Now that everyone is experimenting with the benefits of working remotely, the will to return to the offices is vanishing, with 98% of people saying they would like to have the option to work remotely for the rest of their careers. The same respondents praise the flexible schedule (32%), the possibility to work from anywhere (26%) and not having to commute (21%).

Just on a side-note, not having to commute has a very positive impact on the environment too: Xerox estimated that it saved 92 million miles of driving by allowing its remote workers to avoid commuting, thereby reducing carbon emissions by almost 41,000 metric tons.

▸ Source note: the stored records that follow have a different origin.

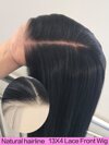 24 英寸直发黑色合成发蕾丝前部自由式假发适合日常佩戴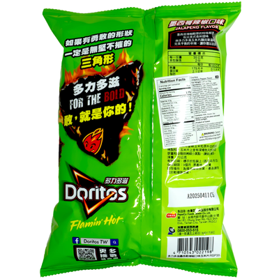 DORITOS Mexican Jalapeno Flavor takes bold snacking to new heights with its fiery and zesty kick. Each triangular corn chip is coated with a spicy jalapeno seasoning inspired by authentic Mexican flavors. The perfect balance of heat and tanginess makes every bite a thrill, while the signature Doritos crunch keeps it exciting until the last chip. Whether enjoyed straight from the bag or paired with dips like salsa or guacamole, this 70g pack is ideal for spice lovers. It’s a flavorful, crunchy snack that delivers the heat you crave and the bold taste you expect from Doritos.CHAR(10)Bold triangular corn chips with the fiery kick of jalapeño peppers. The seasoning delivers an authentic Mexican heat profile with tangy lime undertones and a lingering spice.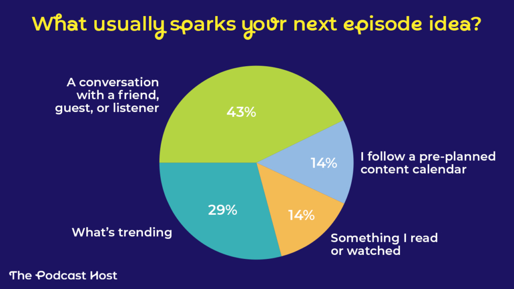 29% said they take inspiration from whatever’s trending in their podcast niche, while 14% said they usually pick up ideas from something they watched or read.

This opens up new opportunities for collaboration tools companies, as we have seen in past newsletters – is now the time when virtual reality and augmented reality will enter our daily lives? The expectations are high. Also, it gives companies new chances to re-evaluate their cost structure. Yeah, you read well.

Remote working allows companies to avoid some basic costs such as internet, work computer/phone, or food allowance. In an inquiry done with US workers that worked remotely, 80% of the respondents said the company did not pay for home internet; 72% did not get their phones paid; 87% didn’t receive for costs related to drinks/foods in coffee shops. This is something very small – you already pay for the internet and for your phone –, but there isn’t a good principle behind it.

So why should they keep their high cost offices in Silicon Valley if their workers prefer to work from home? And if they can work from home, then why can’t they be anywhere in the world? Twitter closed its offices until September and Facebook is planning not to open them in the long-term. If companies don’t have a physical space, they can hire people from anywhere in the world and we all know that some countries/locations offer higher wages than others.


Events without sales and networking

Tech events are a big opportunity to generate new leads, which is now more relevant than ever, considering that startups’ survival depends on their sales – 50% of them said they had 6 months or less of runway and 72% saw their revenue drop since the beginning of the crisis with the average startup experiencing a decline of 32%. When all these events are being canceled, postponed or done virtually, how can entrepreneurs do business? Experts say: organize your own event, bet on content marketing, be popular on social media and work on your marketplace.


Going back to the offices

But there is also another way of thinking – the Bank of America and IBM (in the US) believe that innovation and collaboration are essential and can only be done right in person, so they are doing all efforts to bring people back to the offices

Gigging up!

While companies can send everyone home and expect to reduce their fixed costs by cutting real estate expenses and offer lower wages, some believe that it will have a negative impact on the organizational culture and the emotional connection to the company will be lost, meaning there are no reasons for people not to switch to something new that makes them feel more accomplished. There’s an opportunity for the gig economy to be filled with knowledge people.


If new companies are the new cornerstones of the economy, let’s help them!

New companies, tech companies, can save the economies from a complete breakdown, so shouldn’t all governments take some time to think about how to help them? As Startup Genome recently posted in its annual report, continuing to invest in local ecosystems will reinsure its growth and, consequently, will produce more value.

And since this is all about innovation, BCG shared its annual list of the world’s most innovative companies – led by the three A’s: Apple, Alphabet and Amazon – and Sifted shared some lessons about what we can learn from them.

Although none of these companies are European-based, the old continent is becoming more competitive when it comes to innovation – on the one hand, the EU continues to have a better performance than the United States, China, Brazil, Russia, South Africa, and India; and on the other, Europe has more ecosystems in the Emerging Entrepreneurial Ecosystems list than the other continents. And there are people who strongly believe that Europe is better positioned than ever before to lead the way from now on.